Data in this exercise.
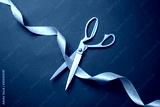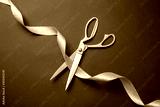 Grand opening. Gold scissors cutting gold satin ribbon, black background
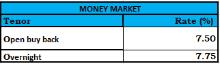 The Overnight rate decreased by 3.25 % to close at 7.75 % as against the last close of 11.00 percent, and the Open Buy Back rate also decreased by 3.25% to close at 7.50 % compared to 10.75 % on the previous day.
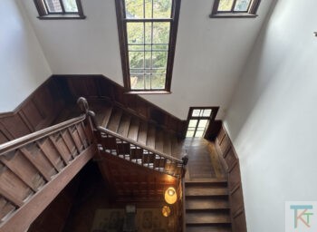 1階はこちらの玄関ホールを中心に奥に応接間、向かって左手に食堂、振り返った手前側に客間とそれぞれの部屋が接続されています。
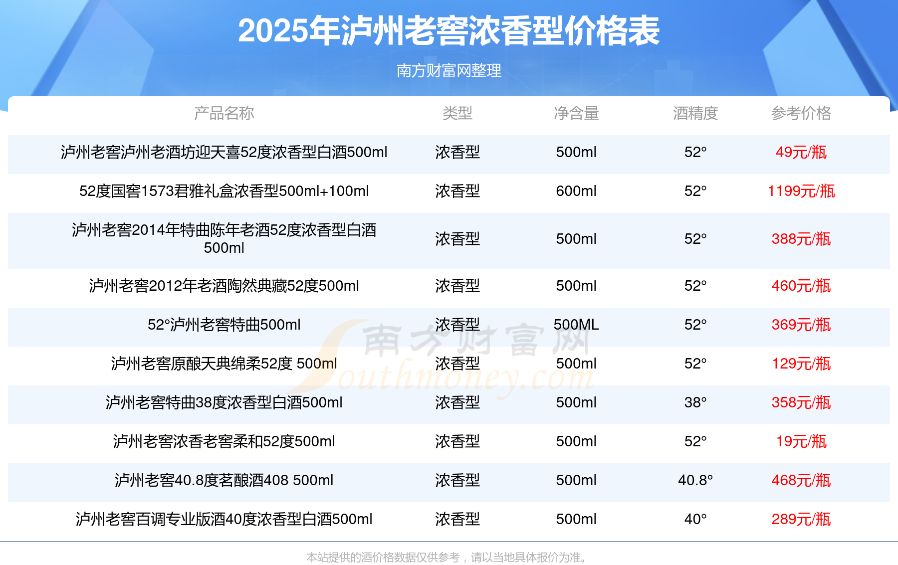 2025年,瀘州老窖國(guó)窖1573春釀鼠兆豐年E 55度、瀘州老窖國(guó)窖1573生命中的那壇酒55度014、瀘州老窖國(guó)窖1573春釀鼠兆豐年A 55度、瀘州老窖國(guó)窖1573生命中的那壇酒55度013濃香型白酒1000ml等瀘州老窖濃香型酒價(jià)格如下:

...

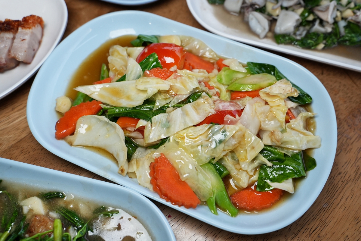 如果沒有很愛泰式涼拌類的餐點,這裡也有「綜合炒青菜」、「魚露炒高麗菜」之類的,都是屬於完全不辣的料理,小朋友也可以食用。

* * *

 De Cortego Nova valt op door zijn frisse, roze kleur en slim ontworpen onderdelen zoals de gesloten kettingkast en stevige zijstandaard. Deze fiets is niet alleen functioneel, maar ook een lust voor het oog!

Action item. After locating "Grand opening. Gold" and "1階はこちらの玄関ホールを中" in the records above, return exactly the line holding each one and every line between them; leave out the pictures.

Answer to this exercise.
 Grand opening. Gold scissors cutting gold satin ribbon, black background
 The Overnight rate decreased by 3.25 % to close at 7.75 % as against the last close of 11.00 percent, and the Open Buy Back rate also decreased by 3.25% to close at 7.50 % compared to 10.75 % on the previous day.
 1階はこちらの玄関ホールを中心に奥に応接間、向かって左手に食堂、振り返った手前側に客間とそれぞれの部屋が接続されています。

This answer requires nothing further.